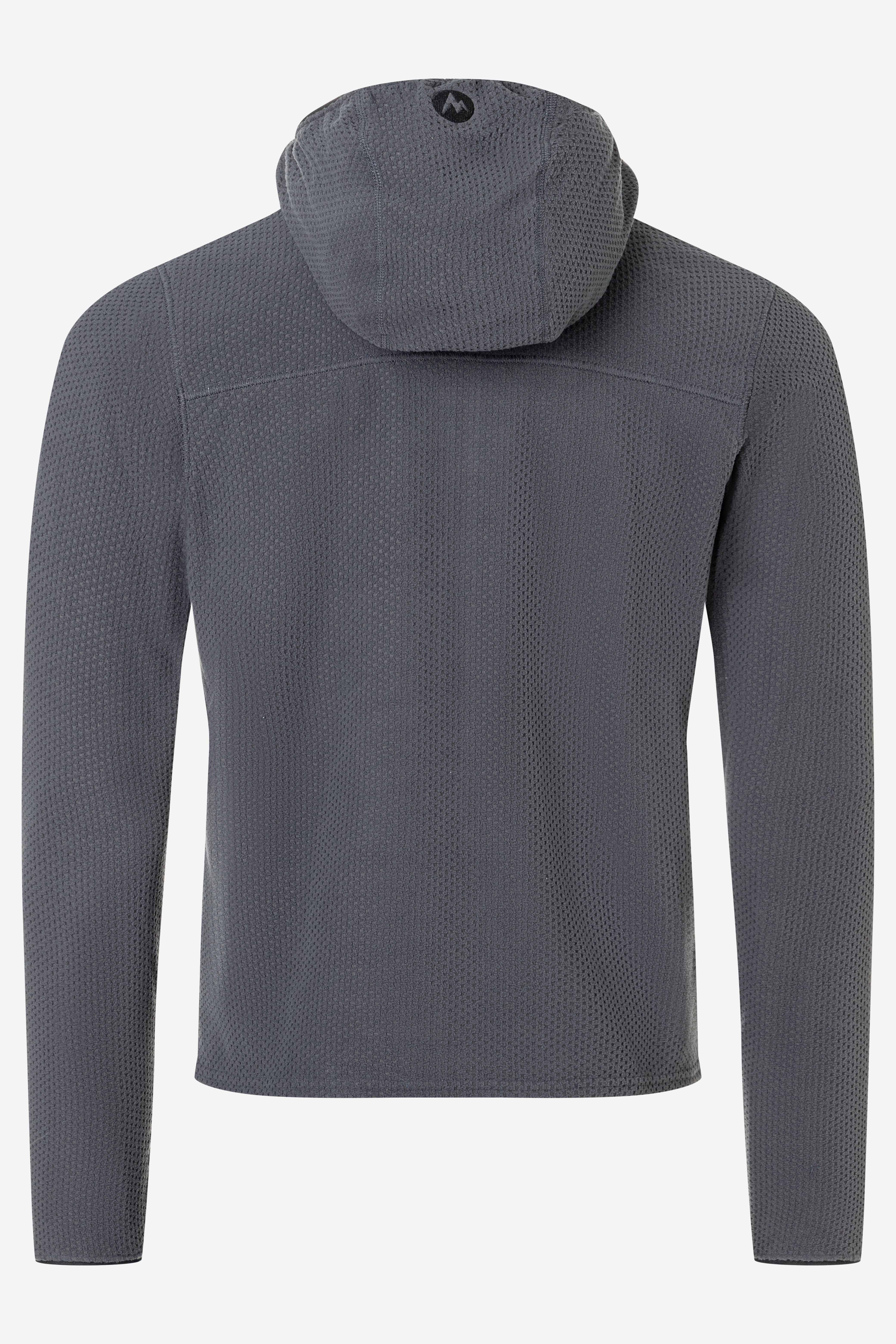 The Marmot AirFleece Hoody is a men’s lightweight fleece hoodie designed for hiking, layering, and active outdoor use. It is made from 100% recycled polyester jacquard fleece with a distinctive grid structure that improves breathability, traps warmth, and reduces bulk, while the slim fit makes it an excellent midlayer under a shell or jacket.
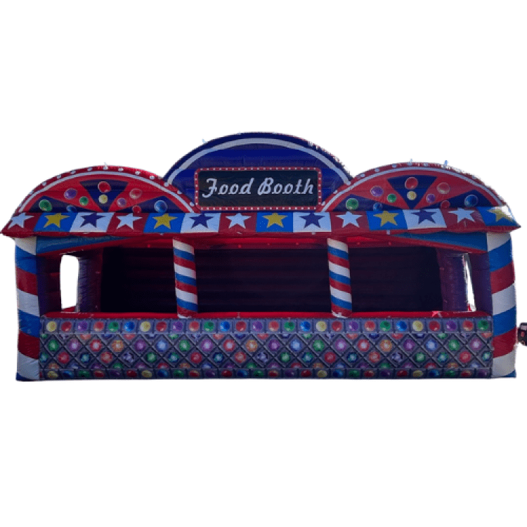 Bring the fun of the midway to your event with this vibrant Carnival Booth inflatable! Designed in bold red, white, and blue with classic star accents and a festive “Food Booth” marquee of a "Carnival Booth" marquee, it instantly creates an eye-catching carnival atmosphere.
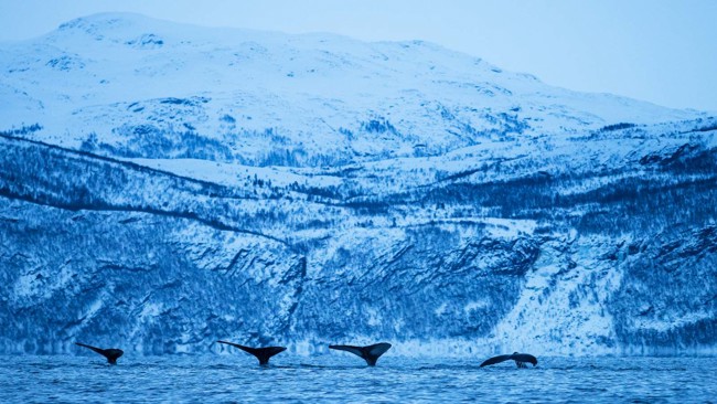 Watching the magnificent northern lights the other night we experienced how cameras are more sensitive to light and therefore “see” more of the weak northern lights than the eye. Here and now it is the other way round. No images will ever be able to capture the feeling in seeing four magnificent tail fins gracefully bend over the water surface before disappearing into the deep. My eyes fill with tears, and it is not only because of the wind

(Task to complete):
Reproduce the material word for word. Any pictures should be left out of the copy.

(Answer box):
 The Marmot AirFleece Hoody is a men’s lightweight fleece hoodie designed for hiking, layering, and active outdoor use. It is made from 100% recycled polyester jacquard fleece with a distinctive grid structure that improves breathability, traps warmth, and reduces bulk, while the slim fit makes it an excellent midlayer under a shell or jacket.
 Bring the fun of the midway to your event with this vibrant Carnival Booth inflatable! Designed in bold red, white, and blue with classic star accents and a festive “Food Booth” marquee of a "Carnival Booth" marquee, it instantly creates an eye-catching carnival atmosphere.
 Watching the magnificent northern lights the other night we experienced how cameras are more sensitive to light and therefore “see” more of the weak northern lights than the eye. Here and now it is the other way round. No images will ever be able to capture the feeling in seeing four magnificent tail fins gracefully bend over the water surface before disappearing into the deep. My eyes fill with tears, and it is not only because of the wind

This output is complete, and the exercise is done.